To do - Would you reproduce, word for word, only the lines running from the top of the data through the line containing "The painting, titled", and none of the pictures?

── Data records

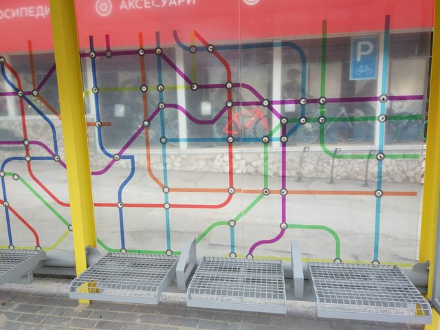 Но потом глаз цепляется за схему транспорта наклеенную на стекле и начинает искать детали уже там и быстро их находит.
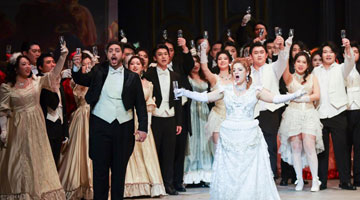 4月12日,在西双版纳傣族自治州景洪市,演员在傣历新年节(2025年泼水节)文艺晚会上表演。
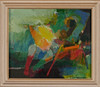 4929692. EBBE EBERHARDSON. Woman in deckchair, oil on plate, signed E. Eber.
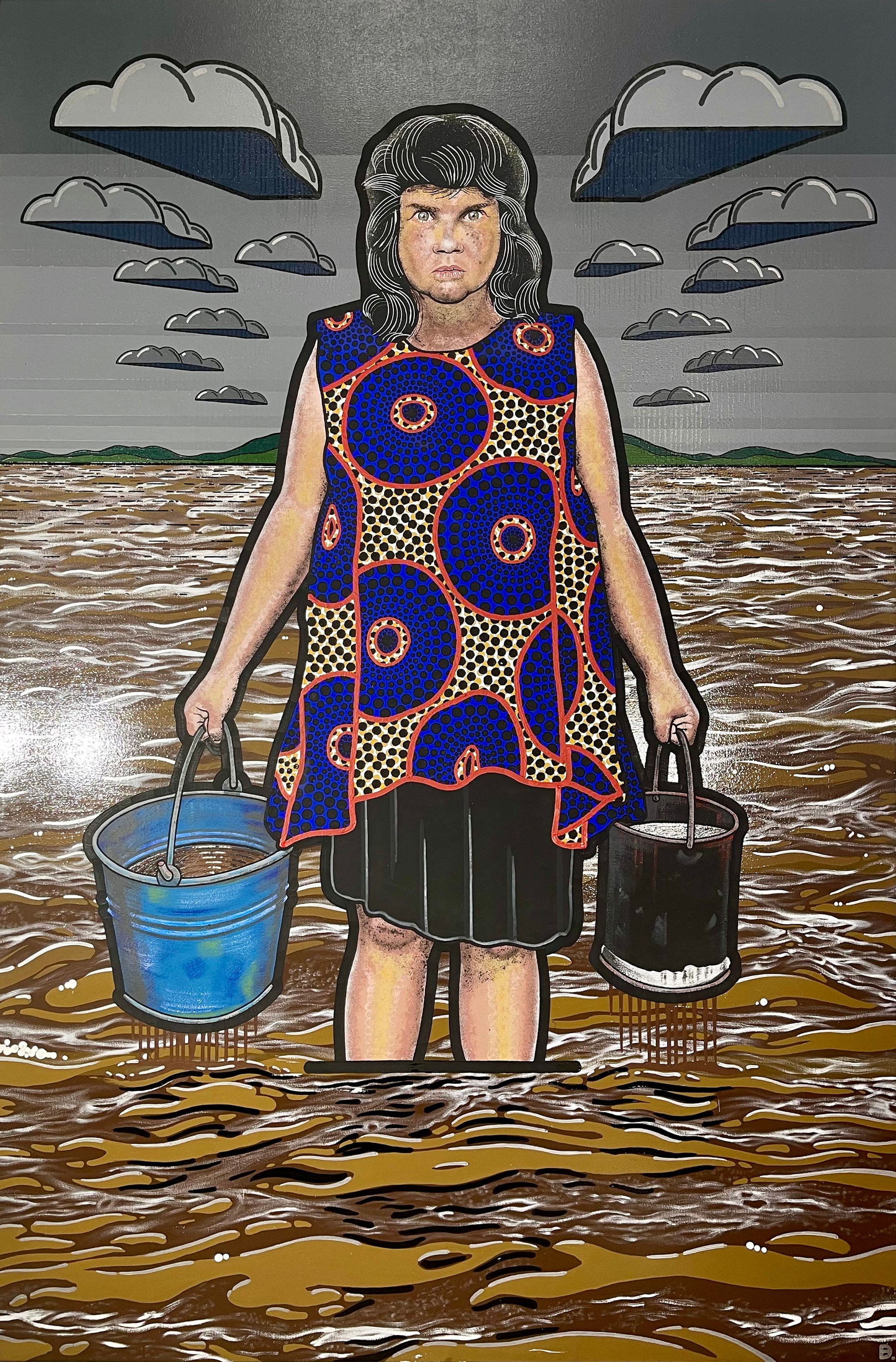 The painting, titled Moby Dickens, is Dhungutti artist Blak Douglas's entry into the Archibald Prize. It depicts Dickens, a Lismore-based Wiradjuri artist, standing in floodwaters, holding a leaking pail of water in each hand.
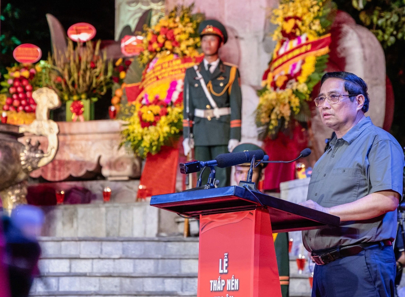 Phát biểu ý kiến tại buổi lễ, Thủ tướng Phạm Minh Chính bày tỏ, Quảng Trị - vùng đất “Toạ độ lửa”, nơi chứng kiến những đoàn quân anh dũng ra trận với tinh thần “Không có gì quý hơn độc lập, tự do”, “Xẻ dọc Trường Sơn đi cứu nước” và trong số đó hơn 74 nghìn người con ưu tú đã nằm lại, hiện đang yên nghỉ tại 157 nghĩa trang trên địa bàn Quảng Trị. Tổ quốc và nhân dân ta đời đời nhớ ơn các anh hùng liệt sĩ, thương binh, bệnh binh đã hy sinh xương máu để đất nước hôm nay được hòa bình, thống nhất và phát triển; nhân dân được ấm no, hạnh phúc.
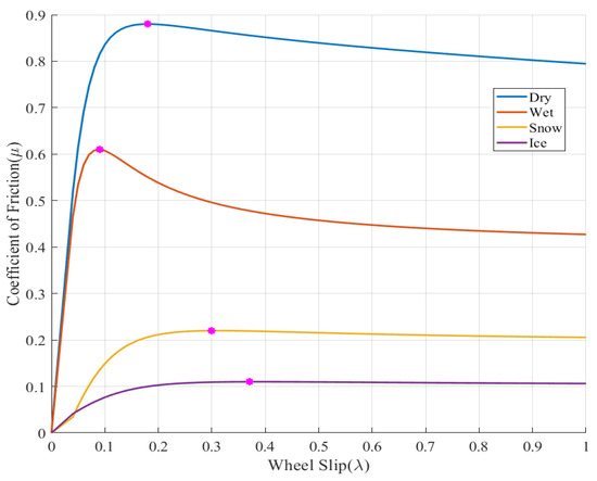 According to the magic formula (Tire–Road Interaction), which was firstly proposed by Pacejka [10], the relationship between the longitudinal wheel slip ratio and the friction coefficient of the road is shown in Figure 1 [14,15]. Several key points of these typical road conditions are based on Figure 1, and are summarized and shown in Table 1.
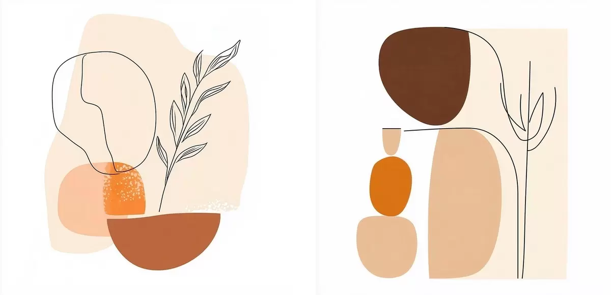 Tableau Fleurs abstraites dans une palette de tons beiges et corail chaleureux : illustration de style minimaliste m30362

────

Response to the exercise -
 Но потом глаз цепляется за схему транспорта наклеенную на стекле и начинает искать детали уже там и быстро их находит.
 4月12日,在西双版纳傣族自治州景洪市,演员在傣历新年节(2025年泼水节)文艺晚会上表演。
 4929692. EBBE EBERHARDSON. Woman in deckchair, oil on plate, signed E. Eber.
 The painting, titled Moby Dickens, is Dhungutti artist Blak Douglas's entry into the Archibald Prize. It depicts Dickens, a Lismore-based Wiradjuri artist, standing in floodwaters, holding a leaking pail of water in each hand.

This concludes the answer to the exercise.